Under those circumstances, the lack of a compliance program could mean that audits aren’t being conducted to ensure accurate billing, or that employees feel comfortable bringing potential violations to management.
The lack of a risk assessment means that a practice cannot know its vulnerabilities and therefore increases the risk of data breaches.
As a consumer, would you share your personal data with someone who you know lacks the appropriate protections? Would you want someone to bill you for services when no one is checking the billing to ensure accuracy?
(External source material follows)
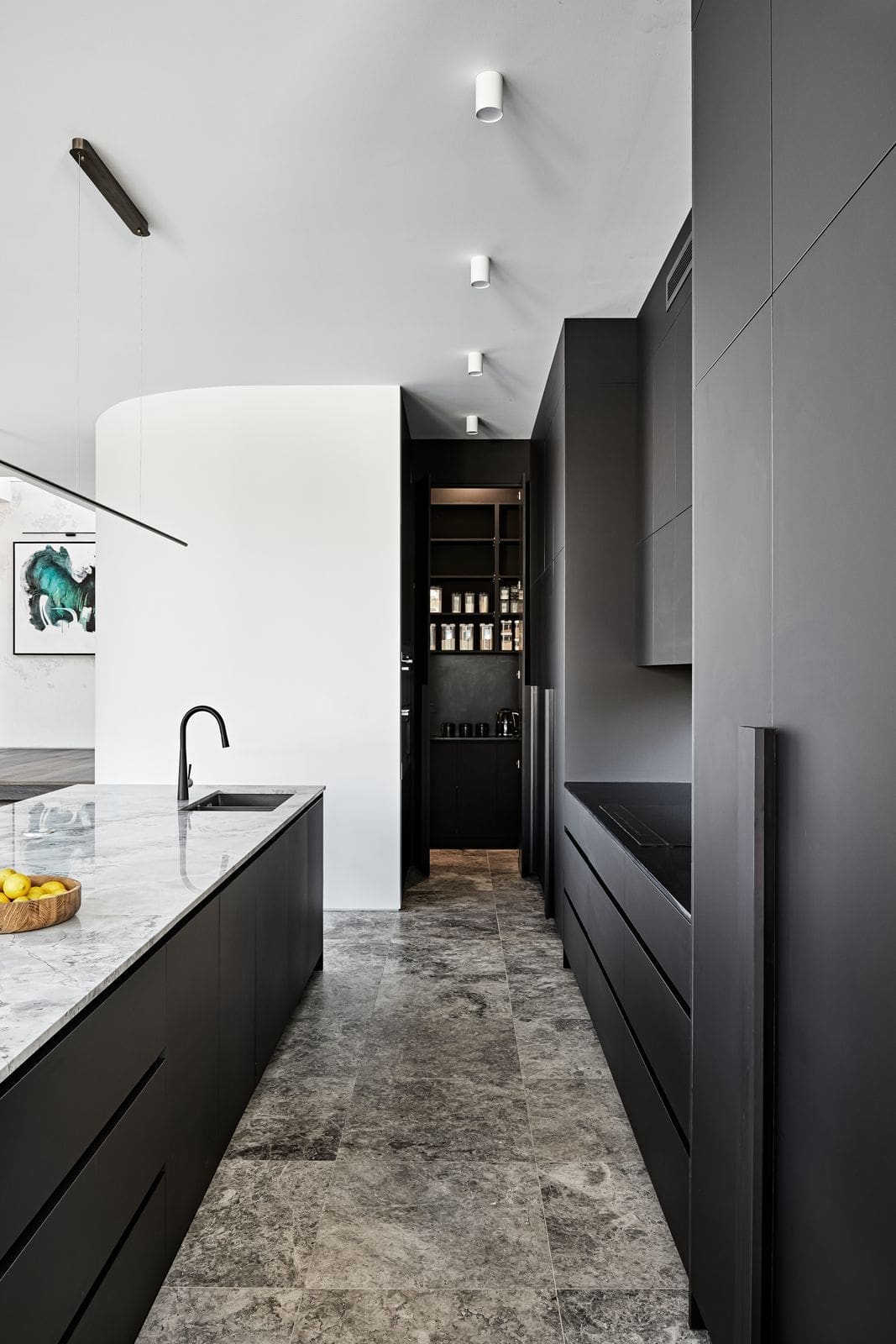 “The basis of this home was to give it a monochrome interior. To prevent it from feeling cold and stark, we included airy high ceilings, reams of natural light and warm timbers to offset the cool marble flooring.

I know these factors would influence my business decisions.
Under the False Claims Act’s implied certification theory, providers could be subjected to treble damages plus civil penalties of up to $10,000 per false claim for “misleading half-truths.”
In short, if a law or regulation requires a provider to have a compliance program or a risk assessment and the provider misleads about having or performing certain activities and programs, then the implied certification theory may apply and the physician may be subject to fines and penalties.
Providers should ensure that they have meaningful compliance programs in place and conduct risk assessments on a regular basis. Providers should consider engaging compliance professionals to address their needs if their practices have limited resources and expertise in this area. The requirements aren’t going away and the government will continue to be aggressive in its enforcement activities.